Savings bonds are debt securities that investors purchase to pay for certain government programs. Essentially, the purchase of a US savings bond involves the buyer loaning money to the government with a guaranteed promise that they will earn back the face value of the bond plus a certain amount of interest in the future. Savings bonds are backed by the US government, meaning that there is virtually no possibility of the buyer losing their investment. For this reason, the return on savings bonds is relatively low compared to other forms of bonds and investments.
LINK TO LEARNINGGovernment BondsReview this introductory video (https://openstax.org/r/treasury-bonds-prices) about government bonds.
Municipal bonds (“munis”) are issued by cities, states, and localities or their agencies. Munis typically will return a little more than Treasury bills while being just a bit riskier.
Corporate Bonds
Corporate bonds are issued by companies. They carry more risk than government bonds because corporations can’t raise taxes to pay for their bond issues. The risk and return of a corporate bond will depend on how creditworthy the company is.
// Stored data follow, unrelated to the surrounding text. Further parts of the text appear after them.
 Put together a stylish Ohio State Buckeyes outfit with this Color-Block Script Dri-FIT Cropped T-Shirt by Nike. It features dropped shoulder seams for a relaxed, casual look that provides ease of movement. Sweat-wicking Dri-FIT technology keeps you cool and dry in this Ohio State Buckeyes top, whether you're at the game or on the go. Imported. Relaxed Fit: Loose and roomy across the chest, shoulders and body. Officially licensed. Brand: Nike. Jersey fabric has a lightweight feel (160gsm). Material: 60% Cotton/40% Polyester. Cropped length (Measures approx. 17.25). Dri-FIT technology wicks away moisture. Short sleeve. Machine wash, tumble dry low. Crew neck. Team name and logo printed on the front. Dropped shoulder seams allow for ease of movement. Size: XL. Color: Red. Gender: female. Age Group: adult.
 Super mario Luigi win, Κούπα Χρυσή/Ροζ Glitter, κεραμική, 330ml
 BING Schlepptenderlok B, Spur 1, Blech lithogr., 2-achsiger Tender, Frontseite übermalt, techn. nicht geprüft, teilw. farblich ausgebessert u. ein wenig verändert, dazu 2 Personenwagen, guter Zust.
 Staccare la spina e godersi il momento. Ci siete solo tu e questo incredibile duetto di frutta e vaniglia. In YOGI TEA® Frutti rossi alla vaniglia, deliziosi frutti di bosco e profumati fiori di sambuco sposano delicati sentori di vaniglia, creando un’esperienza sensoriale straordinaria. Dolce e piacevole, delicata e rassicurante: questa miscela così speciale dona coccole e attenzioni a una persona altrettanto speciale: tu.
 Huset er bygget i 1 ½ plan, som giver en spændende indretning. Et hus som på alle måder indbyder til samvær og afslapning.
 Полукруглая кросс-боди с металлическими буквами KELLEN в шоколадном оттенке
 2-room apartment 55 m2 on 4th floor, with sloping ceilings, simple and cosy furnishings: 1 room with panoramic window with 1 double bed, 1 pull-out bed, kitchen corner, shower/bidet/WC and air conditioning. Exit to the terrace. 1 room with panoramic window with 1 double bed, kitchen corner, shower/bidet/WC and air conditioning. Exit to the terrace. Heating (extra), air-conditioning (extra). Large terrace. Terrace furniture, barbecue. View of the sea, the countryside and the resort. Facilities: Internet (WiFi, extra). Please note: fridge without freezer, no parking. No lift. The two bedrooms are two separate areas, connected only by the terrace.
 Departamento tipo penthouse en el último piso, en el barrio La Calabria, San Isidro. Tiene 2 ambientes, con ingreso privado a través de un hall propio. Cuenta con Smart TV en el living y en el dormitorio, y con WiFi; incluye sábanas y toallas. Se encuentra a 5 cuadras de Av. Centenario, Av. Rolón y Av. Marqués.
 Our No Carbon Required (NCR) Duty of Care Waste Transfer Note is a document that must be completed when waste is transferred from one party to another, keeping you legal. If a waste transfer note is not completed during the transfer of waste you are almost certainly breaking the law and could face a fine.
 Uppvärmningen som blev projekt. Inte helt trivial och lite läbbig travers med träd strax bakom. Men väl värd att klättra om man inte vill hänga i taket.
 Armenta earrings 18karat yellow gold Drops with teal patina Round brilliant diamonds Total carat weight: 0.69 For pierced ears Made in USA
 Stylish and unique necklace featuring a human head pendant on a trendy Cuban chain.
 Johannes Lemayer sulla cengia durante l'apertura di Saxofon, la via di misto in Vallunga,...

The highest-paying and highest-risk corporate bonds are often referred to as non-investment grade or, more commonly, junk bonds.
Corporate bonds that do not make regular coupon payments to their owners are referred to as zero-coupon bonds. These bonds are issued at a deep discount from their par values and will repay the full par value at their maturity date. The difference between what the investor spends on them in original purchase price and the par value paid at maturity will represent the investor’s total dollar value return.
Convertible bonds are similar to other types of corporate bonds but have a feature that allows for their conversion into a predetermined number of common stock shares. The conversion from the bond to stock can be done at certain times during the bond’s life, usually at the discretion of the bondholder.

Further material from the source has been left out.